The two churches have long collaborated on ministry and education projects downtown. On Ash Wednesday last year, Paddock said he and Kennedy imposed ashes on passersby as part of the Ashes to Go campaign.
“We do a lot of things together, so this was a no-brainer when we realized we were not going to be able to get into our building,” he said.
First Baptist’s willingness to accommodate Episcopal Eucharistic practices also made it easy, the priest said.
Eucharistic beliefs
Those practices include saying the prayer of consecration, known as the Great Thanksgiving, which is believed to invoke the presence of the Holy Spirit in the bread and wine, Paddock said.

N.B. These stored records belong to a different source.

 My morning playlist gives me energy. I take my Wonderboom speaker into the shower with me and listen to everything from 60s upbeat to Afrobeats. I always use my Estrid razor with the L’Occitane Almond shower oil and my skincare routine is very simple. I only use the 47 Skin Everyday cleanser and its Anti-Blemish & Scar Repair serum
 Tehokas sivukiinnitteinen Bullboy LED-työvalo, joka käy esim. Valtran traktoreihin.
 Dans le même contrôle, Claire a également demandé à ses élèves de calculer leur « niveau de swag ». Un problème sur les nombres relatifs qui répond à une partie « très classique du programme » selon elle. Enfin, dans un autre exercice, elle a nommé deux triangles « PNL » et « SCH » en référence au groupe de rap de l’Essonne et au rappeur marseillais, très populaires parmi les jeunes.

The church’s teaching is that Christ is present during communion, which is open to any baptized Christian.
“Some Anglicans believe he’s physically present, others believe he is present in the heart and mind of the believer but not in a literal way in the bread and the wine,” Paddock said. “But we don’t try to get too specific overall in our teachings.”

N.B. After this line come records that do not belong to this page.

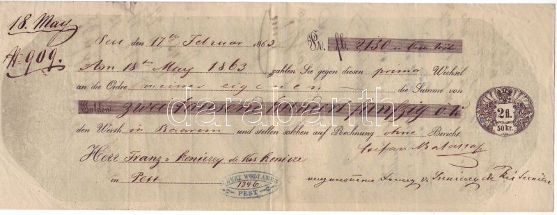 Beschreibung: 1863. Váltó benyomott 2Fl 50kr bélyeggel, keltezett:Pesten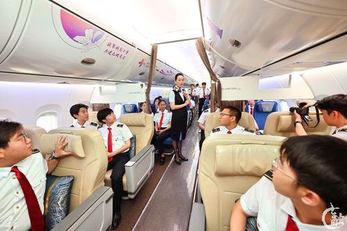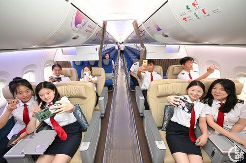 C919大飞机的空乘讲解员在给学生们讲解C919与其他飞机的区别之处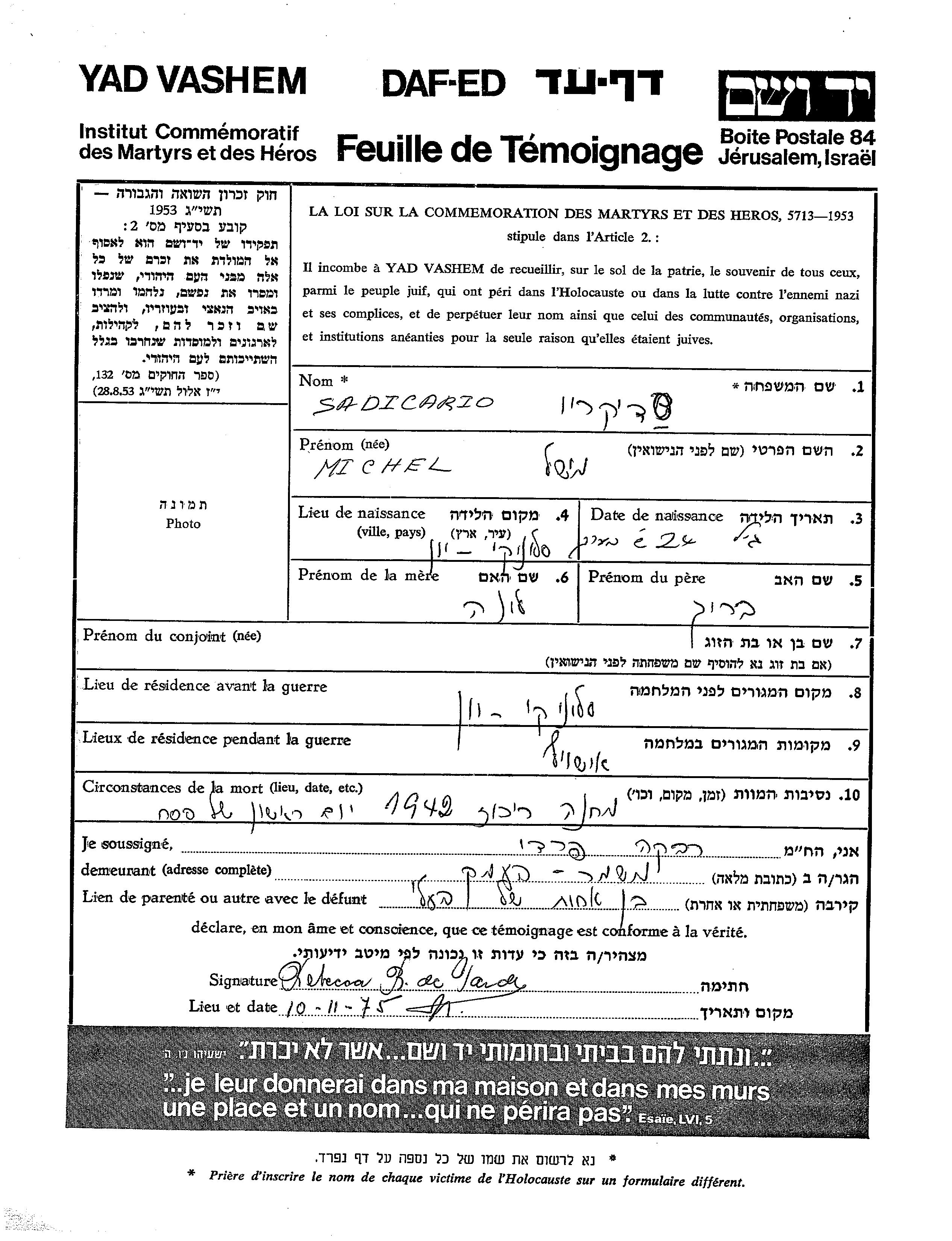 Michel wurde in der Schoah ermordet. Todesort: Auschwitz, Polen im Jahr 1942.

He added that both congregations already use the same lectionary and that First Baptist’s liturgical worship style, including vestments and acolytes, also makes it a good fit for joint worship.
“Rod and I will both concelebrate the Eucharist,” Paddock said. “We will distribute communion (by intinction) in four parts of the church – two with grape juice, and two with wine.”
Constitutional ban
To have prohibited Christ Episcopal from using wine would have been un-neighborly, Kennedy said. “I told my congregation that is the essence of hospitality to make them feel that this is their space,” he said. “This fits with our ecumenical spirit.”
But it will be different for the Baptists, who are accustomed to monthly communion delivered to them in the pews, Kennedy said. The church’s constitutional prohibition against alcohol on campus will have to be suspended while hosting the visitors.
‘A teachable moment’
But Kennedy added that policy may eventually be revoked as some have expressed interest in being able to hold wedding receptions on the property. Plus wine in communion could continue past February.
“We have a communion service every Sunday morning in the chapel,” Kennedy said. “It’s at that service where we would most likely go to having wine.”
Kennedy said he and Paddock may lead a Sunday school class aimed at examining Episcopal and Baptist theological teachings and practices.
That would be fine with First Baptist member Andy Black, who once chaired the church’s worship board.
‘Helpful awkwardness’
Black said he’s not so much interested in discussing what Anglicans do, but what Baptists do – and why.
“Seems to me this could be a teachable moment to ask about our practices,” Black wrote in an e-mail to Kennedy. Those practices include communion in separate cups and the use of grape juice “and whether – and how – they are theologically grounded.”
A graduate of Baylor’s Truett Theological Seminary now working on a doctorate in theology at the University of Dayton, Black said the alcohol and non-alcohol lines at church on Sunday will likely create a “helpful awkwardness” for Baptists who must choose between the two.
“It hits you in the face when you have to make this kind of choice: which line do we go in?” Black said. “And you have to ask, why do we have grape juice instead of wine and do we believe those reasons still speak to who we are?”
‘Can Baptists partake’?
First Baptist member Gina Greenwood won’t be wrestling with that question, however.
Greenwood, who described herself as a theological conservative, sent Kennedy an e-mail moments after his announcement.
“Can a Baptist go to the Episcopal station?” she e-mailed Kennedy. “I wouldn’t want to offend them, but whether it is wine or juice doesn’t make a bit of difference to me.”
“Yes you can and should,” he wrote back. “I am.”